Can someone give me a hint on how to evaluate the closed form of the following integral? According to Wolfram Alpha, this evaluates to $\dfrac{\pi}8\log(2)$.
$$\int\limits_0^{\pi/4}\log(1+\tan x)\,\mathrm dx$$
Thanks.
p.s - Hints are preferred over complete solutions.

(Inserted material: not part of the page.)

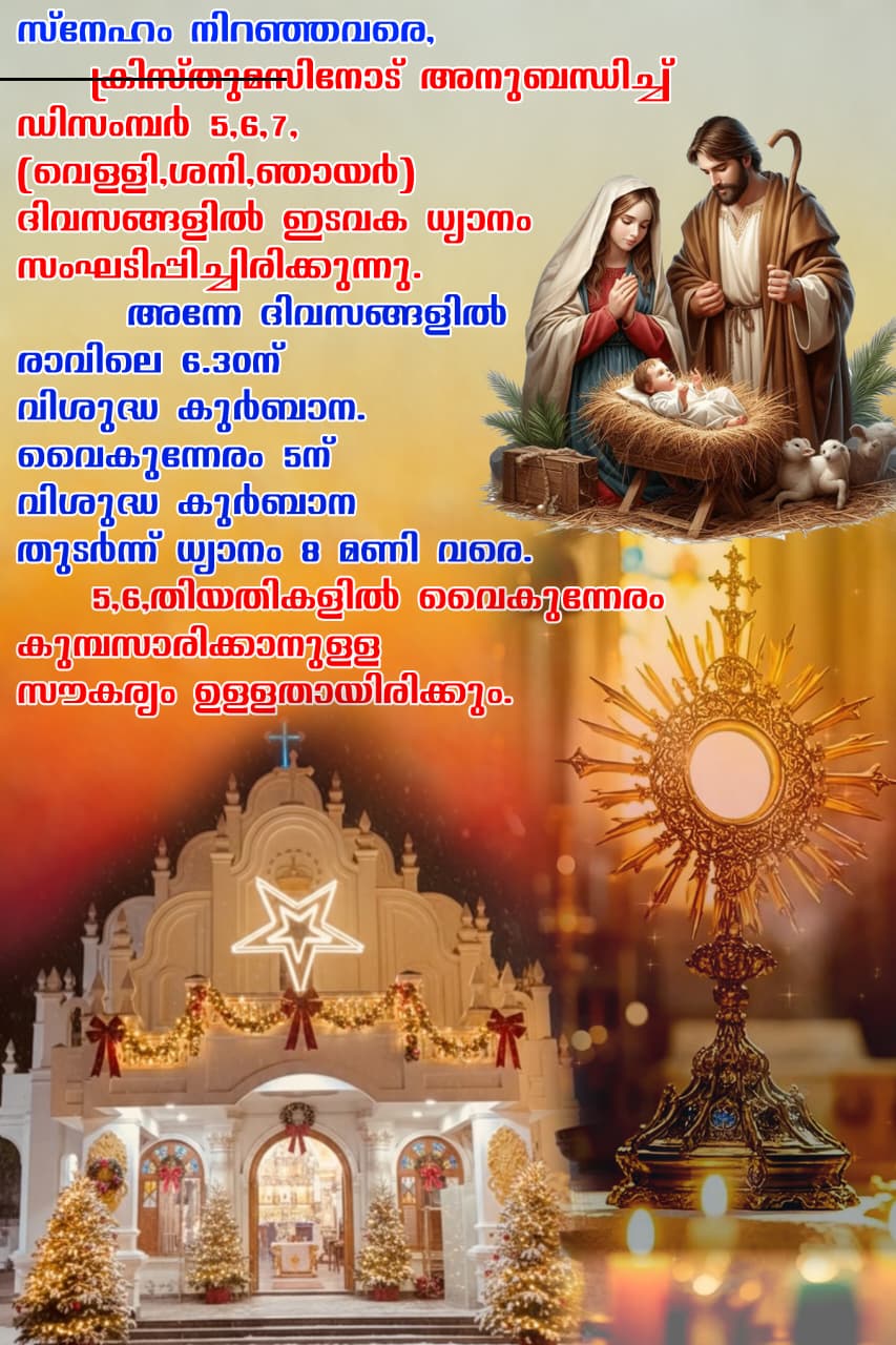 സ്നേഹം നിറഞ്ഞവരെ, ക്രിസ്തുമസിനോട് അനുബന്ധിച്ച് ഡിസംബർ 5, 6, 7 (വെള്ളി, ശനി, ഞായർ ) ദിവസങ്ങളിൽ ഇടവക ധ്യാനം സംഘടിപ്പിച്ചിരിക്കുന്നു. അന്നേ ദിവസങ്ങളിൽ രാവിലെ 6:30 ന് വിശുദ്ധ കുർബാന. വൈകുന്നേരം 5 മണിക്ക് വിശുദ്ധ കുർബാന തുടർന്ന് 8 മണി വരെ ധ്യാനം (8 മണി വരെ). 5-ാം തീയതിയും 6-ാം തീയതിയും വൈകുന്നേരം കുമ്പസാരിക്കുന്നതിനുള്ള സൗകര്യം ഉണ്ടായിരിക്കുന്നതാണ്. 5-ാം തീയതി വെള്ളിയാഴ്ച വൈകുന്നേരം കേളമംഗലം പള്ളിയിൽ വിശുദ്ധ കുർബാന ഉണ്ടായിരിക്കുന്നതല്ല. 7-ാം തീയതി ഞായറാഴ്ച വൈകുന്നേരം ഒറ്റപ്പുന്ന പള്ളിയിൽ വിശുദ്ധ കുർബാന ഉണ്ടായിരിക്കുന്നതല്ല. പകരം പള്ളിപ്പുറം പള്ളിയിൽ വൈകുന്നേരം 5-മണിക്ക് വിശുദ്ധ കുർബാന ഉണ്ടായിരിക്കുന്നതാണ്. 7-ാം തീയതി ഞായറാഴ്ച്ച കുടുംബയോഗങ്ങൾ ഉണ്ടെങ്കിൽ വൈകുന്നേരം 4:30ന് മുൻപ് തീർക്കാനായി ശ്രമിക്കുമല്ലോ. എന്ന് വികാരിയച്ചൻ.

$$I=\int^{\frac{\pi }{4} }_{0}\ln\left( 1+\tan x \right)\ dx=\int ^{\frac{\pi }{4} }_{0}\ln\left( 1+\tan \left( \frac{\pi }{4} -x\right) \right)\ dx=\int^{\frac{\pi }{4} }_{0}\ln\left( 2\right)\ dx-I$$ So we have $$2I=\ln\left( 2\right) \int ^{\frac{\pi }{4} }_{0}\ dx=\ln\left( 2\right) \times \frac{\pi }{4} $$ Hence we get$$ I= \boxed{\frac{\pi }{8} \ln\left( 2\right)} $$
Hint. By the change of variable $$ x=\frac{\pi}4-u, \qquad dx=-du, \qquad 1+ \tan x=? \qquad \log(1+ \tan x)=? $$
The post asks for a hint, but that was quite a while ago. For the sake of the site, I think a full answer might be useful:
$$
\begin{align}
&\int_0^{\pi/4}\log(1+\tan(x))\,\mathrm{d}x\\
&=\int_0^{\pi/4}\log(\cos(x)+\sin(x))\,\mathrm{d}x-\int_0^{\pi/4}\log(\cos(x))\,\mathrm{d}x\tag1\\
&=\int_0^{\pi/4}\log(\sqrt2\cos(\pi/4-x))\,\mathrm{d}x-\int_0^{\pi/4}\log(\cos(x))\,\mathrm{d}x\tag2\\
&=\frac\pi8\log(2)+\int_0^{\pi/4}\log(\cos(x))\,\mathrm{d}x-\int_0^{\pi/4}\log(\cos(x))\,\mathrm{d}x\tag3\\[6pt]
&=\frac\pi8\log(2)\tag4
\end{align}
$$
Explanation:
$(1)$: $1+\tan(x)=\frac{\cos(x)+\sin(x)}{\cos(x)}$
$(2)$: $\cos(x)+\sin(x)=\sqrt2\cos(\pi4-x)$
$(3)$: integrate the constant $\log(\sqrt2)$
$\phantom{\text{(3):}}$ substitute $x\mapsto\pi/4-x$ in the left integral
$(4)$: cancel
Note
\begin{align}&\int^{\frac{\pi }{4} }_{0}\ln( 1+\tan x )\ dx =\frac12 \int^{\frac{\pi }{4} }_{0}\ln( 1+\tan x )^2\ dx\\ =& \frac12 \int^{\frac{\pi }{4} }_{0}\ln\sec^2x\ dx + \frac12 \int^{\frac{\pi }{4} }_{0}\underset{2x\to \frac\pi2-2x}{\ln(1+\sin2x)\ dx}\\ = &\frac12 \int^{\frac{\pi }{4} }_{0}\ln(\sec^2x(1+\cos2x))\ dx =\frac12 \int^{\frac{\pi }{4} }_{0}\ln2\ dx=\frac\pi8\ln2 \end{align}